Is this porcelain replica of an AK-47 any less beautiful than it was a few weeks ago? Is it any less thought provoking, challenging or inspiring?
It’s a question that is confounding the art world after it’s creator, Seattle ceramicist Charles Krafft, was ‘outed’ as a holocaust denier in an online journal. Prior to this, Krafft and his work, which also includes porcelain teapots in the shape of Adolf Hitler’s head and hand grenades, had been described as ‘ironic satire’.
Image: lunadigitaltv.
If, as some have speculated, Krafft had set out to dupe the public – perhaps he got off on the idea of liberals placing likenesses of dictators on their mantlepieces and then carefully spelling out the irony to silent dinner party guests – then it worked. That explanation places blame (for these days, loss of face or even mild embarrassment confers some sort of victimhood) comfortably with Krafft, and redeems those who he cruelly tricked into stroking Nazi teapots.
But before we finish sweeping up the broken pieces of our shattered egos and placing them in that convenient little box, should we not take the opportunity to examine why we’re so keen to pursue an explanation that absolves us of responsibility so completely? The New Yorker asks, in an article examining the events, “how an artist’s intent should influence our evaluation of his work“, but I think a more appropriate question in the circumstances might be “how OUR intent influences evaluation of an artist’s work“.
An artist’s work is, for the most part, an expression of their feelings on a particular subject. Although the degree to which an audience empathises with the manner of expression generally decides whether a piece of art is deemed successful, it is no less or more valid for that. It simply ‘is’.

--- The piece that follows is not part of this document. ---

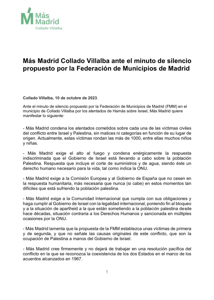 Ante el minuto de silencio propuesto por la Federación de Municipios de Madrid (FMM) en el municipio de Collado Villalba por los atentados de Hamás sobre Israel, Más Madrid quiere manifestar lo siguiente:

This implies that at least some of the burden of art appreciation is in the reflection. If we appreciate, and choose to vocalise our appreciation of art; a piece of music, a painting, a sculpture or whatever, we’re obviously keen to associate ourselves with it and accept what this confers upon us.
We liked the porcelain AK-47 and the hand grenades before we learned that they emerged from a man whose political views are anathema to the majority of right thinking people. We now feel tainted by that, as though others might think we agree with him, and must absolve ourselves.
Art is supposed to challenge us. We are supposed to challenge art. If we insist on using it to convey complex messages about ourselves to others without really understanding it, or at least engaging with it on any kind of intellectual level, we probably deserve to have our conceits dismantled right in front of our eyes .
It’s a Hitler teapot, for goodness’ sake.